Kinross Gold (KGC) is one of the 10 biggest gold mining companies. Just like the rest of the sector it recorded a poor share price performance over the recent weeks, as the gold price declined. However, due to a fire at its Tasiast mine, Kinross underperformed its peers notably. The impacts of the fire will be felt for some time, however, the longer-term prospects of the company remain positive. At the current share price, Kinross represents an attractive buying opportunity.
On June 16, Kinross announced that on June 15, the mill at its Tasiast mine was suspended due to a fire. On June 21, some more information was provided. The fire began at the trommel screen of the SAG mill, during scheduled maintenance. The source of the fire was probably welding. The good news is that there were no injuries and that the mining activities at Tasiast, as well as the work on the mine expansion, were restarted. The bad news is that the mill will be probably restarted only in late 2021. The costs to repair and restart the mill are estimated at $50 million.
As the Tasiast gold production should resume only in late 2021, Kinross was forced to revise the 2021 production guidance. The original plan was to produce around 2.4 million ounces of gold equivalent, however, the actual number will be probably around 2.1 million ounces of gold equivalent. Also the Tasiast mine expansion will be postponed, as the mill throughput capacity of 21,000 tonnes per day should be reached in Q1 2022 instead of late Q4 2021. However, the next expansion stage to 24,000 tpd is still expected to be completed by the middle of 2023. Kinross has also reiterated its 2022 and 2023 production guidance of 2.7 million ounces of gold equivalent and 2.9 million ounces of gold equivalent, respectively.
The Mauritanian Tasiast mine is an important operation for Kinross. It has reserves of 6.33 million ounces of gold. In addition there are also measured, indicated, and inferred resources of slightly more than 3 million ounces of gold. The mine produced 406,509 ounces of gold in 2020, with expansion that should increase the annual production rate to 563,000 ounces at an All-In-Sustaining-Cost of only $560/ounce.
The first phase of the expansion should be slightly delayed, but the overall expansion should be completed on time, by the middle of 2023. The current mine life is 2033, however there are sizeable resources that haven't been converted into reserves yet, and Kinross identified numerous satellite deposits on the property. Therefore, there is a high probability that the mine life will be expanded.
The recent gold price weakness in combination with the Tasiast mine fire sent Kinross's shares down by more than 20% in only two weeks. Right now, the shares trade at $6.36. The market capitalization of the company equals $7.89 billion. As of the end of Q1, the company held cash and cash equivalents of $1.085 billion and the total debt amounted to $1.998 billion. It means that Kinross's enterprise value is around $8.8 billion.
This is not much for a company that generated an operating cash flow of nearly $2 billion and free cash flow above $1 billion in 2020. And given the projected production growth from 2.37 million ounces of gold equivalent in 2020 to 2.9 million in 2023, the financial results have the potential to improve further. Moreover, Kinross has numerous growth projects that should help to boost production after 2023.

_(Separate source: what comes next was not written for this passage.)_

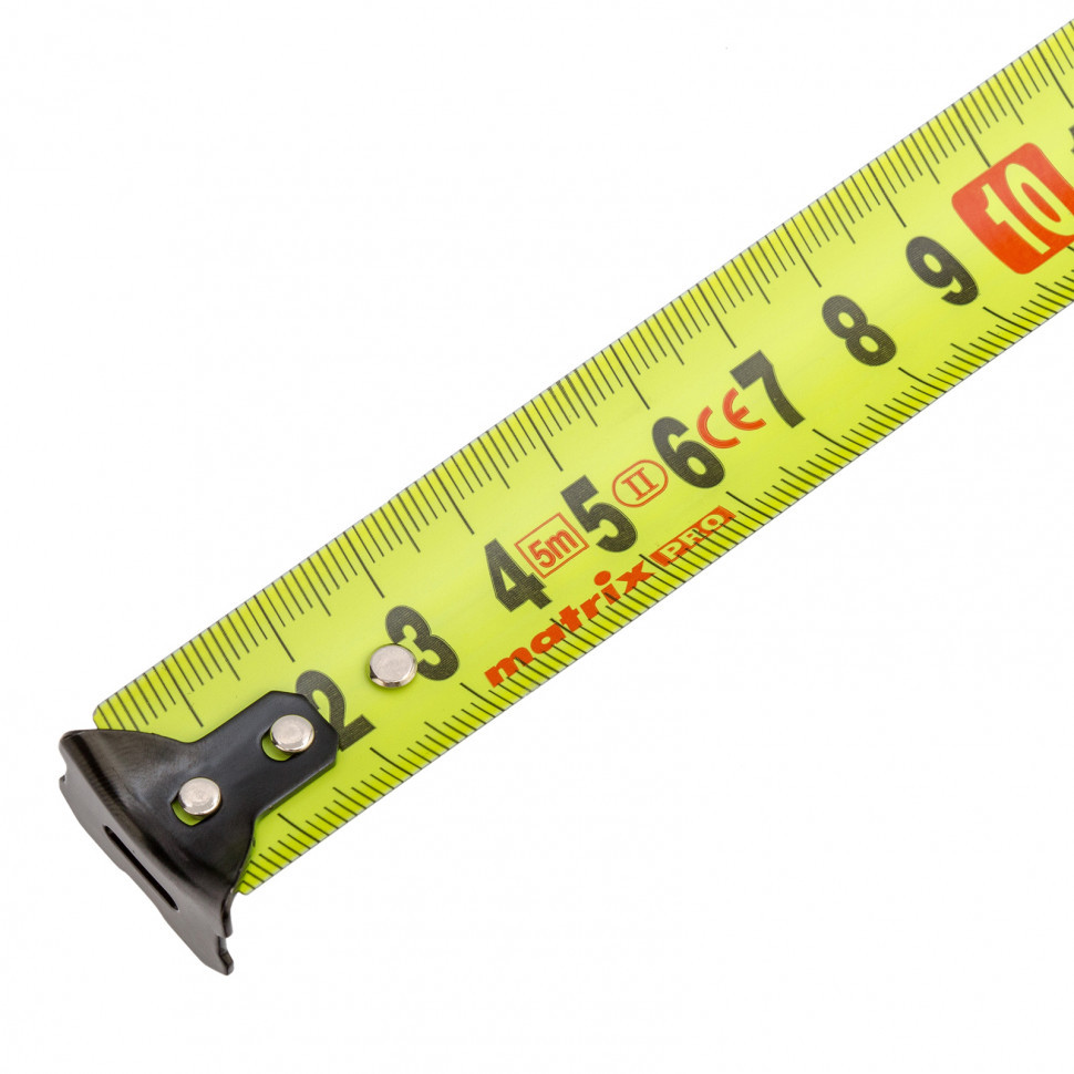 Рулетка Matrix PRO Neon 32592 в обрезиненном корпусе, с 3 механизмами фиксации ленты длиной 5 м и шириной 25 мм, служит для определения расстояний и размеров различных предметов. Крупные цифры на матовом желто-зеленом полотне хорошо видны, что облегчает считывание результатов. Измерительное полотно можно зафиксировать на нужной отметке при помощи стопора или одной из двух кнопок-пауз — это удобно при проведении большого количества замеров. Рулетка предназначена для выполнения профессиональных и бытовых измерительных работ.

It is also important to note that Kinross has reserves of 30 million ounces gold and 59 million ounces silver. Moreover, the measured, indicated, and inferred resources contain further 41 million ounces gold. It means that an enterprise value of approximately $293 is attributable to each ounce of gold in reserves, and $124 to each ounce of gold in reserves and resources combined. This is a low valuation for an established senior gold miner.

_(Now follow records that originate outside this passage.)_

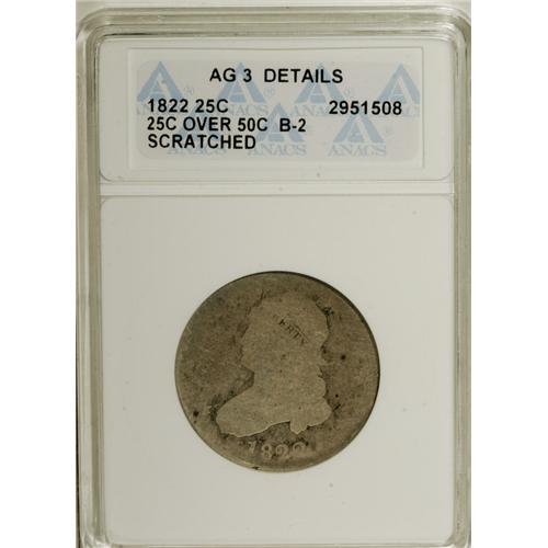 <B>1822 25C 25C Over 50C--Scratched--ANACS. AG3 Details.</B></I> B-2, R.5. In spite of heavy wear, the overdenomination is plain. A long scratch crosses the left (facing) wing on the gold-gray reverse.<BR><I>From The Reginald Byron Mason Collection.</B></I><BR><BR><b>Shipping:</b> Coins & Currency (<a target="_blank" href="http://www.heritageauctions.com/common/shipping.php">view shipping information</a>)
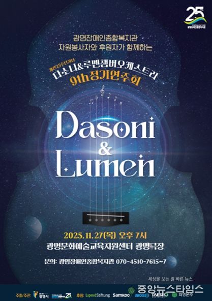(중앙뉴스타임스 = 방재영 기자) 광명장애인종합복지관은 개관 25주년을 맞아 오는 11월 27일 오후 7시, 광명극장에서 ‘다소니&루멘챔버오케스트라 제9회 정기연주회’를 개최한다. 이번 연주회는 복지관을 위해 꾸준히 후원과 자원봉사를 실천해온 후원자와 자원봉사자를 초청해, 장애인 예술가의 무대를 함께 즐기는 감사의 자리로 마련됐다. 복지관은 이번 행사를 통해 지역사회가 장애예술을 보다 가까이 경험하고, 문화예술을 매개로 한 긍정적 인식 변화가 확산되기를 기대하고 있다.
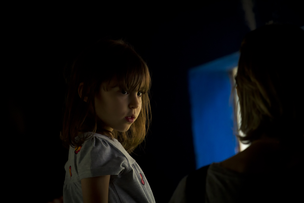 Bravo per aver sfruttato il passaggio delle persone per schermare la finestra e guidare la luce sulla bimba.

It may be partially attributable to the fact that some of Kinross's operations are in Mauritania, Brazil, Russia, and the United States which may scare some of the investors. But Kinross has been able to operate in these countries successfully for years. The majority of Kinross's production comes from North and South America.
Another important point is that Kinross's financial condition has improved notably over the recent quarters. The cash flows increased, and the debt levels are reasonable with net debt of $913 million, and the majority of debt maturities are equally spread over the next 5 years.
Conclusion
The recent events sent Kinross Gold's share price steeply down. It started the month of June above the $8 level and ended in the $6.20 area at technical support levels. For now, it looks like support could hold. The RSI is at oversold levels, but it seems to be primed to return back over 30 soon.
Moreover, it seems like a local double-bottom formation is in the making. On the other hand, the 10-day moving average crossed the 50-day to the downside only several days ago which is a bearish sign. The coming days should show whether Kinross Gold's share price starts to recover or whether new lows will be reached. The gold price should be the main determinant here.
The gold market weakness combined with the Tasiast mine fire pushed Kinross Gold's share price notably lower. However, the damage should be only relatively short-lived. While the 2021 production guidance was revised, Kinross expects that things should get back on track by the end of this year, and the 2022 and 2023 production guidance remains unchanged.
Kinross is in good financial condition and based on expected cash flows and the volume of gold reserves and resources, it is cheap compared to its peers. Kinross offers an attractive buying opportunity right now.
by Dr Peter Arendas, associate professor at the University of Economics in Bratislava, Department of Banking and International Finance.